**Exercise:**
Once the line containing "Beautiful Bunch of" is found in the entries below, restate it and each following line word for word, stopping after the line containing "Under the influence".

**Records supplied:**
**********

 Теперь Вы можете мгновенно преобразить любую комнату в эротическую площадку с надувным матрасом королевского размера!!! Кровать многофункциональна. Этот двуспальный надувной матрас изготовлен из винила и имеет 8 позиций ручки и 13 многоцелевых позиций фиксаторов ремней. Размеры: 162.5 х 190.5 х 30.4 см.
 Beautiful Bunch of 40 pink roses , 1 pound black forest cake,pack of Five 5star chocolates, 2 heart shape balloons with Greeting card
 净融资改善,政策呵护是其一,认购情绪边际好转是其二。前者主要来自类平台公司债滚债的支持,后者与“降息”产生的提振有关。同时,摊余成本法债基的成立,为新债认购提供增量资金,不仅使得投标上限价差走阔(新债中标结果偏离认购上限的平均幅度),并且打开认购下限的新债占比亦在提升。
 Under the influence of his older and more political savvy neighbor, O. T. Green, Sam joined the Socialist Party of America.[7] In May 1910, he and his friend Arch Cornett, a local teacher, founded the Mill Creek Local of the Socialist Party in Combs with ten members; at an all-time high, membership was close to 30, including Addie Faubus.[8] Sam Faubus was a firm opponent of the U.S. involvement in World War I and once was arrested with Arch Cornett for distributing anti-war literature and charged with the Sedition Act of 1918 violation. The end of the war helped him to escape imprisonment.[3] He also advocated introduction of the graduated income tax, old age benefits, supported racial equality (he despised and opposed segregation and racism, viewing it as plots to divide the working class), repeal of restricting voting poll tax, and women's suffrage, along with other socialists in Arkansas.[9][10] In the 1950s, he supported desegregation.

**********

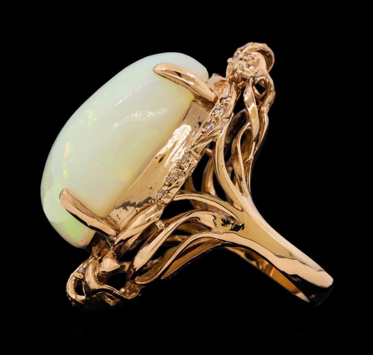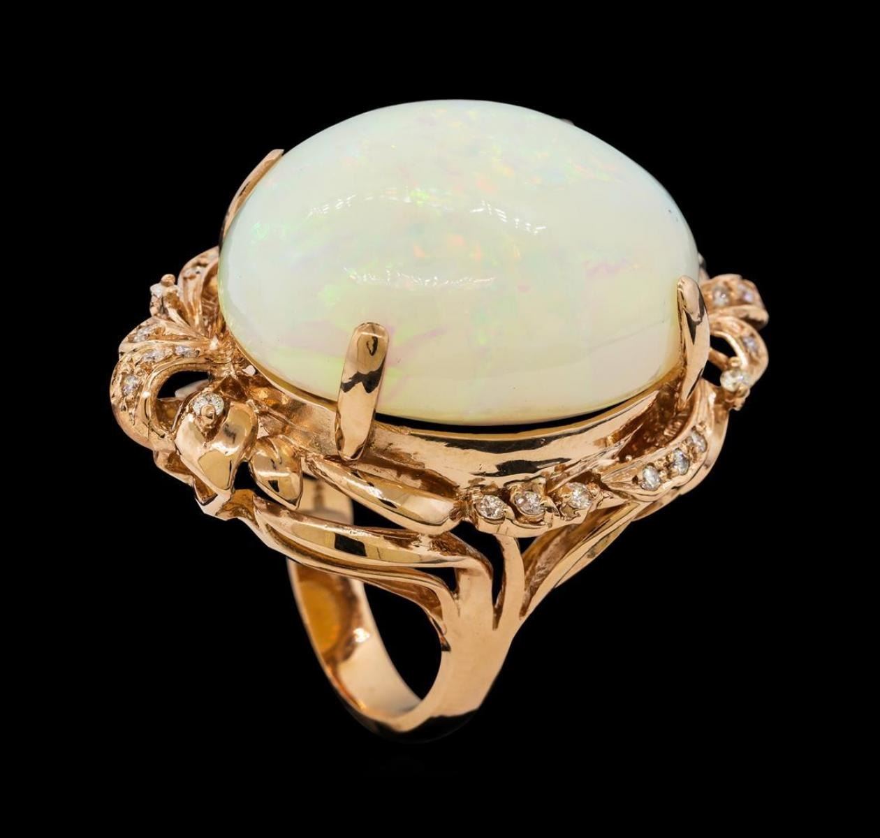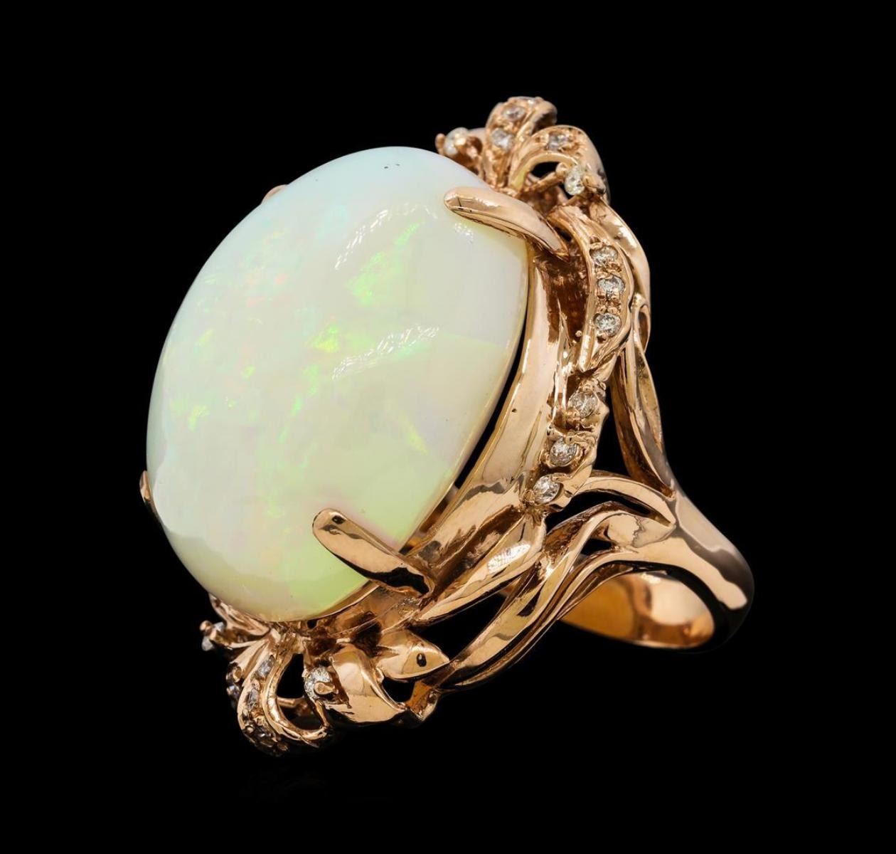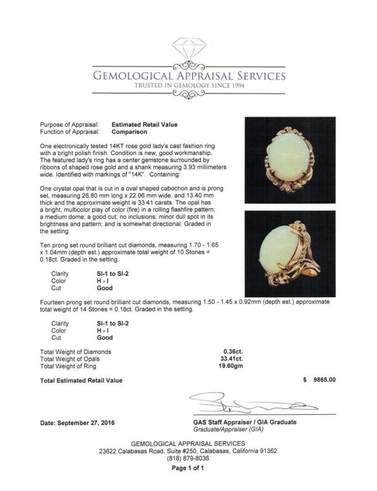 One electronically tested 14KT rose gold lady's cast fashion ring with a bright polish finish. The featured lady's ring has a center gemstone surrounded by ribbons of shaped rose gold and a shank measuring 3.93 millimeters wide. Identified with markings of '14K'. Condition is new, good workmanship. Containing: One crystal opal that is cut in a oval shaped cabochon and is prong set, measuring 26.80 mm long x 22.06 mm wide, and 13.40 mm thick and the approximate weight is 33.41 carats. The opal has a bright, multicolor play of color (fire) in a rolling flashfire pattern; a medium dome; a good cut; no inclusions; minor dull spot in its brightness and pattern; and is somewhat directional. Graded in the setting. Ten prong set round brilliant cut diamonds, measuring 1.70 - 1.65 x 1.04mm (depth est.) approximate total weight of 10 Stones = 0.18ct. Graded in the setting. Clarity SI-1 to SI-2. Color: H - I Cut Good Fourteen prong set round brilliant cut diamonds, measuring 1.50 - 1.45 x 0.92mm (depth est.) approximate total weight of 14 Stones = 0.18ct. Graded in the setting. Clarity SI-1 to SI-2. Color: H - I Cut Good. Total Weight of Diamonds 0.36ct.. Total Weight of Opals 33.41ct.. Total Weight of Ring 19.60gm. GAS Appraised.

**********

**Solved exercise:**
 Beautiful Bunch of 40 pink roses , 1 pound black forest cake,pack of Five 5star chocolates, 2 heart shape balloons with Greeting card
 净融资改善,政策呵护是其一,认购情绪边际好转是其二。前者主要来自类平台公司债滚债的支持,后者与“降息”产生的提振有关。同时,摊余成本法债基的成立,为新债认购提供增量资金,不仅使得投标上限价差走阔(新债中标结果偏离认购上限的平均幅度),并且打开认购下限的新债占比亦在提升。
 Under the influence of his older and more political savvy neighbor, O. T. Green, Sam joined the Socialist Party of America.[7] In May 1910, he and his friend Arch Cornett, a local teacher, founded the Mill Creek Local of the Socialist Party in Combs with ten members; at an all-time high, membership was close to 30, including Addie Faubus.[8] Sam Faubus was a firm opponent of the U.S. involvement in World War I and once was arrested with Arch Cornett for distributing anti-war literature and charged with the Sedition Act of 1918 violation. The end of the war helped him to escape imprisonment.[3] He also advocated introduction of the graduated income tax, old age benefits, supported racial equality (he despised and opposed segregation and racism, viewing it as plots to divide the working class), repeal of restricting voting poll tax, and women's suffrage, along with other socialists in Arkansas.[9][10] In the 1950s, he supported desegregation.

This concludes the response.